** DATA SUPPLIED follows **
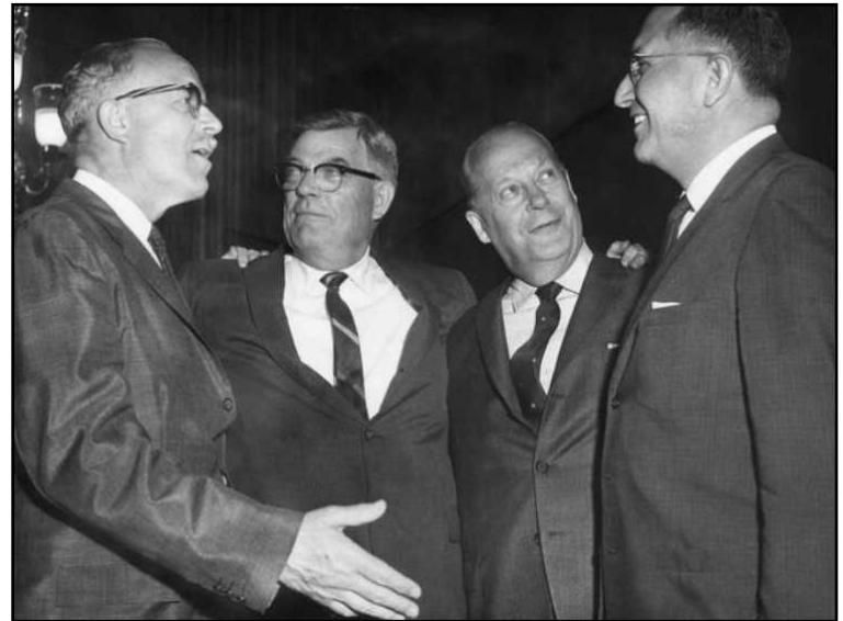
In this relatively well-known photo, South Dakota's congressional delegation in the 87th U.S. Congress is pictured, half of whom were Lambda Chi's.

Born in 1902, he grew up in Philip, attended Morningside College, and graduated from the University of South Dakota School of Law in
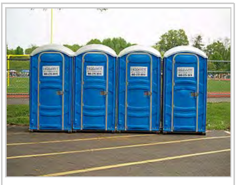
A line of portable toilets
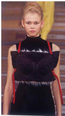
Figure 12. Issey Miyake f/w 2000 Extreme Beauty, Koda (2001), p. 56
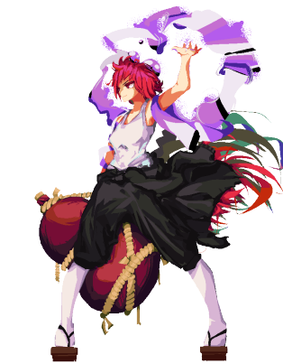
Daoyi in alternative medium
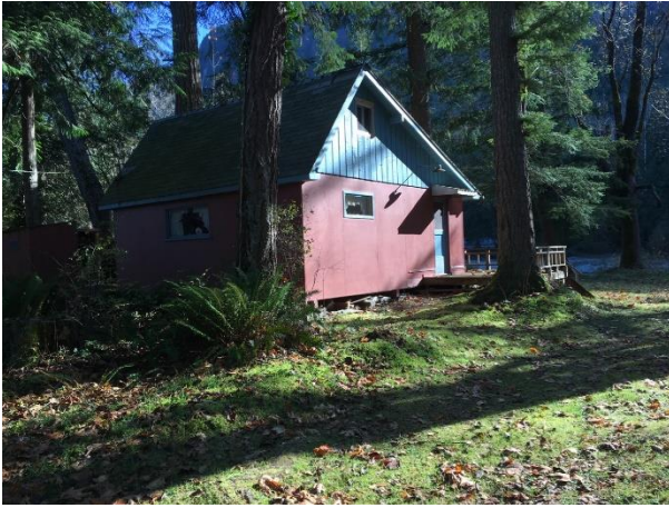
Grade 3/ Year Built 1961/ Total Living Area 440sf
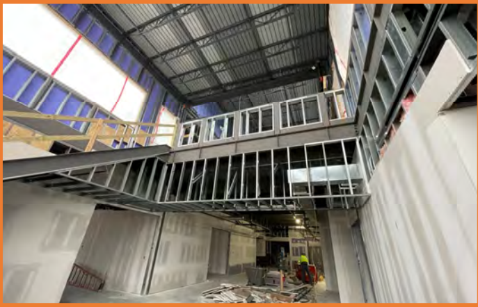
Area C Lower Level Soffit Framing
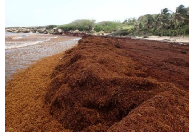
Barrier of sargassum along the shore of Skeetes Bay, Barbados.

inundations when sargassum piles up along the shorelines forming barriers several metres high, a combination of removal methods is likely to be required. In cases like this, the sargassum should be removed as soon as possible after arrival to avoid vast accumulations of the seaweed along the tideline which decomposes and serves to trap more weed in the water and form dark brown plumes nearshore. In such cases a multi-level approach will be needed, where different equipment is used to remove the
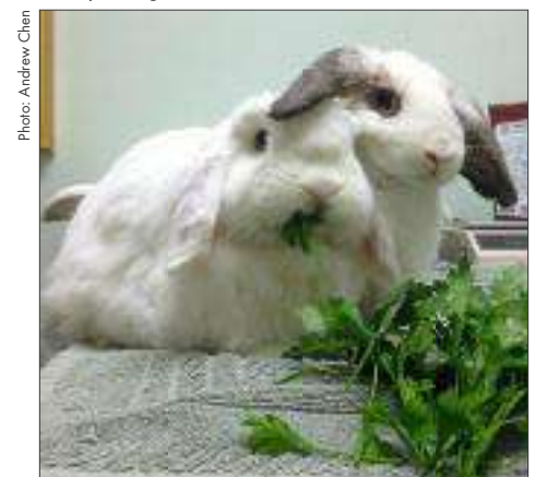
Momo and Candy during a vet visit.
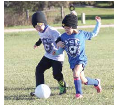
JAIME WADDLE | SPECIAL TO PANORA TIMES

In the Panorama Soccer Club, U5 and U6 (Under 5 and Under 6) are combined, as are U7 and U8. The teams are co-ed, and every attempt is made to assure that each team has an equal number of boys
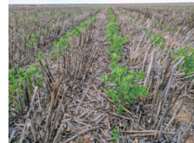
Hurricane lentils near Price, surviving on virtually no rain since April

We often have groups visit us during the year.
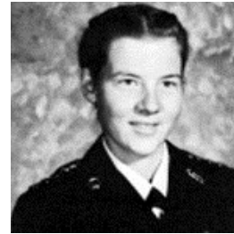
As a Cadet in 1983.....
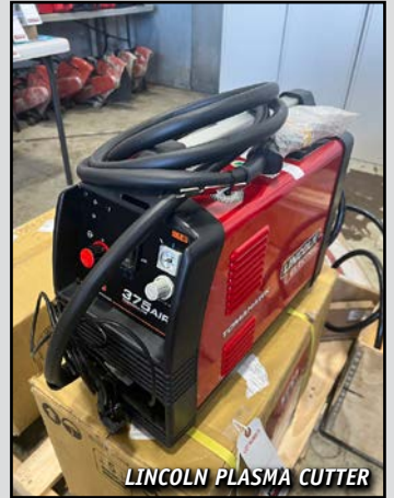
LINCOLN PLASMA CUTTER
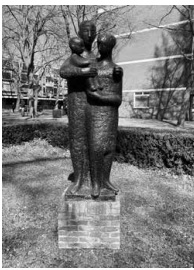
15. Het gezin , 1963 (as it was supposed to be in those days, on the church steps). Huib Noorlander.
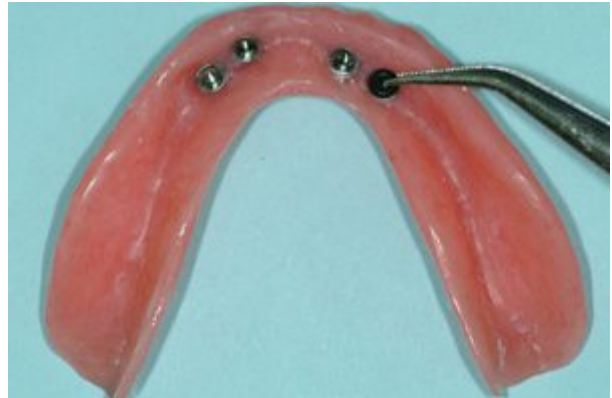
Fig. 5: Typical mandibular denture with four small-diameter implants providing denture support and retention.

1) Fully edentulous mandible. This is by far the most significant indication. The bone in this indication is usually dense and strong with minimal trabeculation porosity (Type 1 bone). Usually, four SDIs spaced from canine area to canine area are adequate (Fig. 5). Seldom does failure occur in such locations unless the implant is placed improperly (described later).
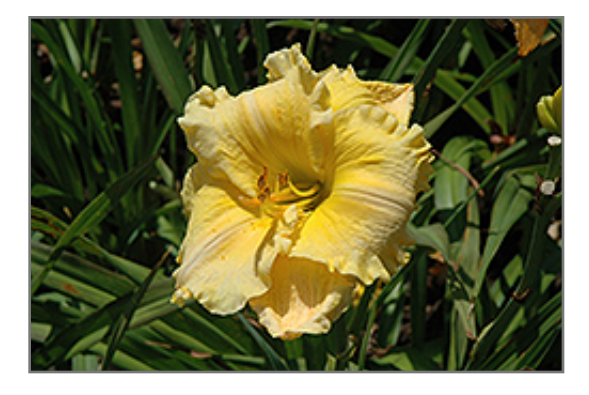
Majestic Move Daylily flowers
** End of DATA SUPPLIED **
(EXERCISE)
Go through the data above and return each line containing the string "sargassum".

(ANSWER TO THE PROBLEM)
Barrier of sargassum along the shore of Skeetes Bay, Barbados.
inundations when sargassum piles up along the shorelines forming barriers several metres high, a combination of removal methods is likely to be required. In cases like this, the sargassum should be removed as soon as possible after arrival to avoid vast accumulations of the seaweed along the tideline which decomposes and serves to trap more weed in the water and form dark brown plumes nearshore. In such cases a multi-level approach will be needed, where different equipment is used to remove the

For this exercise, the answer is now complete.